Railway station in Malaysia

Melalap railway station (Stesen Keretapi Melalap) is a former railway station on the Western Sabah Railway Line located in Melalap, Tenom, Sabah, Malaysia.

== History ==
In 1900s, like most areas in the West Coast Division; vast area of Melalap was once planted with rubber trees. A railway extension line to Melalap was then constructed by English engineer Arthur J. West using labourers from China comprising mostly Hakka people. The line was completed in 1906 to transport the produce of North Borneo as well for people to travel to major towns. The line was opened along with other lines on 1 August 1914. Following the rail service termination due to economic changes in the areas around Melalap, the station was eventually abandoned and fully closed between 1970–1971. The station began to deteriorate and covered with bush since then as nothing been done despite some attempts by certain quarters to save it due to lack in financial funding and support.
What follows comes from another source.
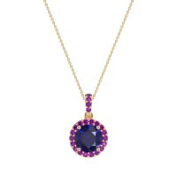 This Lab Blue Sapphire and Amethyst Necklace is casted in 14k Yellow Gold. This Women’s Halo necklace features exceptionally fine gemstones, on par with those found in the world's most exclusive boutiques and among the top 10% available globally. This Pendant Features A Round-cut Central Stone Encircled By A Halo Of Smaller Stones. This necklace comes with a complimentary 18-inch chain. Enjoy the confidence of our 30-day, stress-free return policy—with return shipping fully covered. Each piece is also accompanied by a Lifetime Warranty, ensuring lasting beauty and peace of mind.
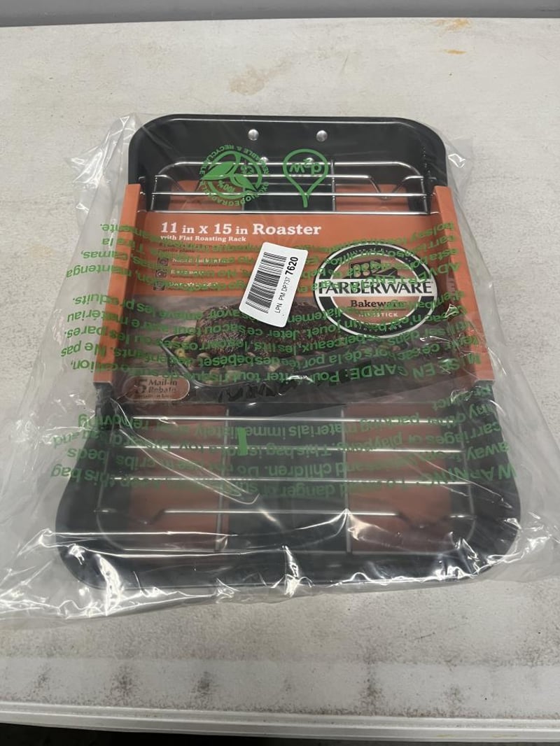 Farberware Nonstick Bakeware 11-Inch x 15-Inch Roaster with Flat Rack - Grey - RETAIL RETURN UNUSED PRISTINE CONDITION

=== Preservation and government gazetted as historical sites ===
In 2016, following efforts by volunteer Richard Ker who is the founder of North Borneo Historical Society, the station area have been cleared out and renovated who then launch the #SaveMelalapStation campaign as part of the group efforts to preserve all Sabah historical structures. This was added with the help of funding from bigger companies and other parties who also contribute to the fundraising to save the station. On 9 March 2017, the station was gazetted as part of the historical sites of the modern state of Sabah by the state government. Deputy Chief Minister Joseph Pairin Kitingan said on 20 March 2017 that the old station building would also be preserved as a National Heritage. On 23 February 2018, it is one of 24 heritage sites in the state that were gazetted by Sabah's State Heritage Council under new enactment of "State Heritage Enactment 2017".

=== Collapsed ===
The building suddenly collapsed on 22 April 2018 as no reinforcement work had been undertaken to stabilise the structure despite having been gazetted a month before.